Jeremy Hylton wrote:
Are the thread semantics for file objecst documented anywhere?
Literally, the answer to your question is "no".
I'm surprised that it does not, for example, guarantee that reads and
writes are atomic, since CPython relies on fread and fwrite which are
atomic.

Where is the connection? Why would anything that CPython requires from the C library have any effect on Python's documentation?

The only effect on Python documentation is that anybody writes it.
Nobody cares, so nobody writes documentation.
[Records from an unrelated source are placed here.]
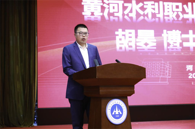 胡昊致歡迎辭,并介紹學(xué);厩闆r。他指出,智慧水務(wù)現(xiàn)代產(chǎn)業(yè)學(xué)院的成立,是對(duì)標(biāo)教育部職業(yè)本科產(chǎn)業(yè)學(xué)院要求的具體實(shí)踐。作為國(guó)內(nèi)第一家“智慧水務(wù)現(xiàn)代產(chǎn)業(yè)學(xué)院”,黃河水院與北控水務(wù)將攜手共同在人才培養(yǎng)、科學(xué)研究、技術(shù)服務(wù)、資源共建、大賽舉辦、師資培養(yǎng)、頂崗實(shí)習(xí)、生態(tài)環(huán)境產(chǎn)教聯(lián)盟建設(shè)等8大板塊開(kāi)展合作,為我國(guó)水利職業(yè)院,F(xiàn)代產(chǎn)業(yè)學(xué)院建設(shè)做示范、做引領(lǐng)。通過(guò)建設(shè)產(chǎn)教深度融合的產(chǎn)業(yè)學(xué)院管理體制與運(yùn)行機(jī)制,全方位構(gòu)建產(chǎn)教融合校企合作協(xié)同育人命運(yùn)共同體。將智慧水務(wù)現(xiàn)代產(chǎn)業(yè)學(xué)院建成產(chǎn)教深度融合的樣板典范、培養(yǎng)高素質(zhì)技術(shù)技能型人才的搖籃和服務(wù)地方及產(chǎn)業(yè)發(fā)展的高地。胡昊強(qiáng)調(diào),2023年是全面貫徹落實(shí)黨的二十大精神的開(kāi)局之年,是實(shí)施“十四五”規(guī)劃承上啟下的關(guān)鍵之年,也是推進(jìn)血學(xué)校“雙高計(jì)劃”建設(shè)驗(yàn)收、職業(yè)本科申辦的關(guān)鍵之年。學(xué)校將以智慧水務(wù)現(xiàn)代產(chǎn)業(yè)學(xué)院為契機(jī),持續(xù)與北控水務(wù)集團(tuán)全面開(kāi)展合作,積極發(fā)揮產(chǎn)教融合型職業(yè)院校示范引領(lǐng)作用,在優(yōu)化專(zhuān)業(yè)布局、推進(jìn)協(xié)同育人、雙師型教師培養(yǎng)、服務(wù)企業(yè)創(chuàng)新發(fā)展等方面,聯(lián)手打造校企合作發(fā)展高地,培養(yǎng)適合經(jīng)濟(jì)社會(huì)發(fā)展需要的高素質(zhì)技術(shù)技能人才,創(chuàng)新現(xiàn)代職業(yè)教育發(fā)展范式,貢獻(xiàn)職業(yè)教育的黃河水院智慧,不斷譜寫(xiě)產(chǎn)教融合、科教融匯新篇章!
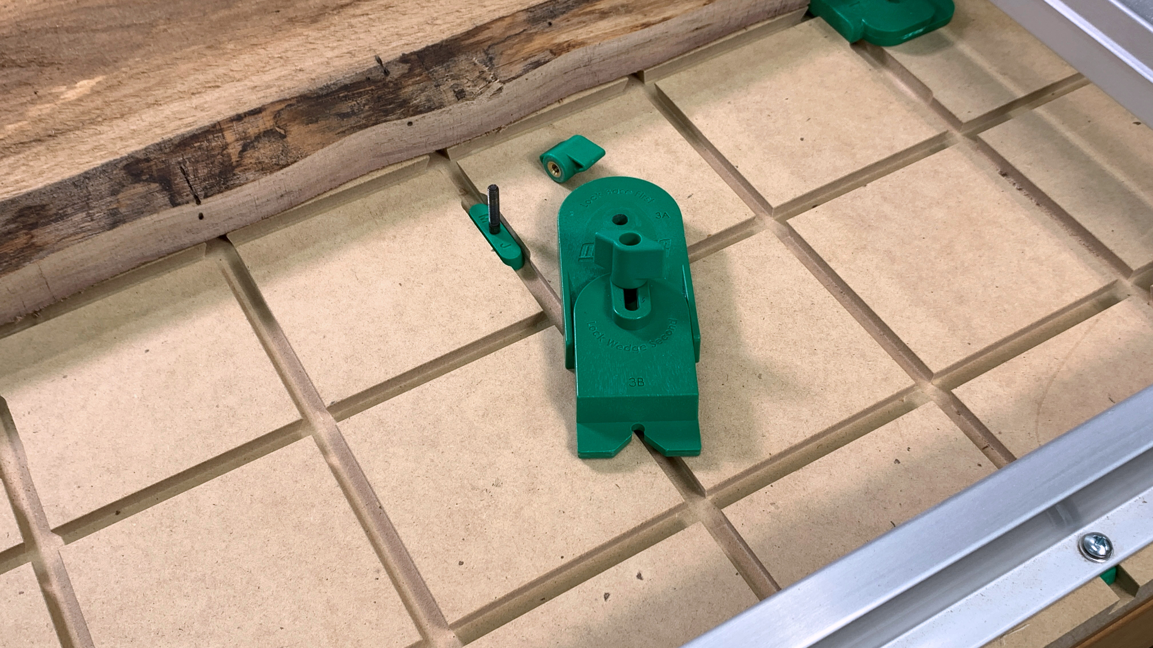 The slots were staggered side to side again to maximize the flexibility of the system. If an odd shaped part means one slot is where you need the hardware to go, you can switch to another on either side. These access slots work well in this situation but are not limited to slab flattening jigs. Many CNC machines also have their axis rails mounted to the spoilboard, crosscut sleds with fences on both ends, and large Grid Tables can all benefit from a few small slots in strategic locations.
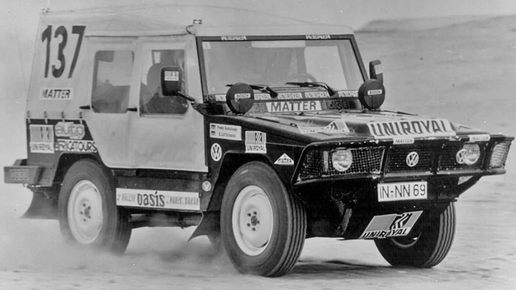 Первым победителем ралли "Париж- Дакар" среди легковых автомобилей стал серийный вседорожник, разработанный по заказу Бундесвера, Volkswagen Iltis, Короткая база, большие передний и задний свесы, высоко расположенный центр тяжести, узкая колея и малая мощность. Volkswagen Iltis (с немецкого «хорёк») был основным вседорожником в Бундесвере до появления Mercedes Wolf (Mercedes - Benz G-Class). Данный вседорожник стал преемником модели DKW Munga. Volkswagen Iltis Militärfahrzeug Военному заказчику...
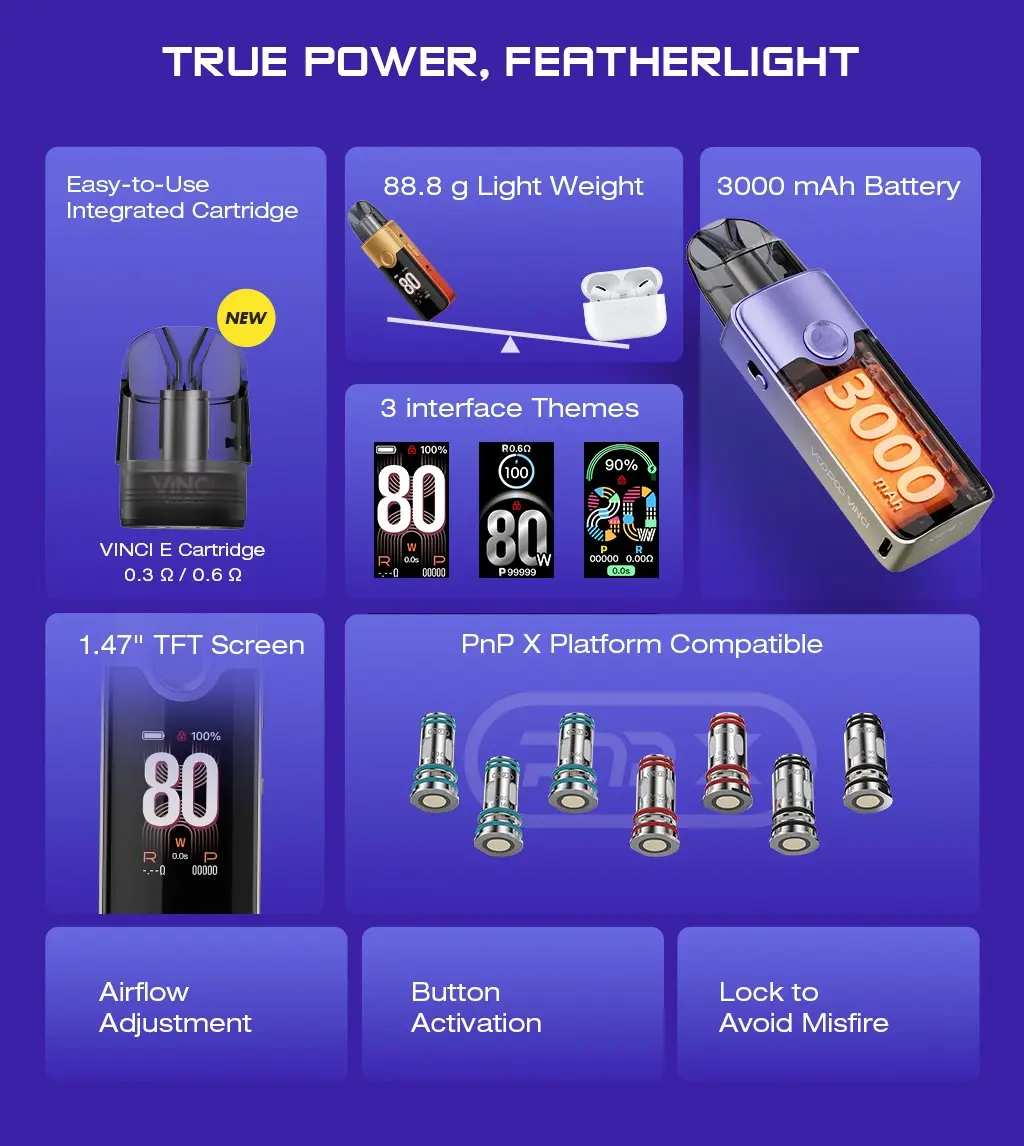 Voopoo Vinci 3 Pod Mod, gelişmiş bir pod mod cihazı olarak kullanıcılarına 50 watt'a kadar ayarlanabilir güç sunar ve entegre 1800 mAh bataryası ile uzun süreli kullanım sağlar.

Remember, you were asking what behaviour is *documented*, not what
behaviour is guaranteed by the implementation (in a specific version
of the implementation).

Also, there are other operations that go to the trouble of calling
flockfile().  What's the point if we don't provide any guarantees?

Because nobody cares about guarantees in the documentation. Instead, people care about observable behaviour. So if you get a crash due to a race condition, you care, you report a bug, the Python developer agrees its a bug, and fixes it by adding synchronization.

Nobody reported a bug to the Python documentation.

<0.6 wink>.  If it is not part of the specified behavior, then I
suppose it's a quality of implementation issue.  Either way it would
be helpful if the Python documentation said something, e.g. you can
rely on readline() being threadsafe or you can't but the current
CPython implementation happens to be.

It would be helpful to whom? To you? I doubt this, as you will be the one who writes the documentation :-)

readline() seemed like an interesting case because readlines() doesn't
have the same implementation and the behavior is different.  So, as
another example, you could ask whether readlines() has a bug or not.

Nobody knows. It depends on the Python developer who reviews the bug report. Most likely, he considers it tricky and leaves it open for somebody else. If his name is Martin, he will find that this is not a bug (because it does not cause a crash, and does not contradict with the documentation), and he will reclassify it as a wishlist item. If his name is Tim, and if he has a good day, he will fix it, and add a comment on floating point numbers.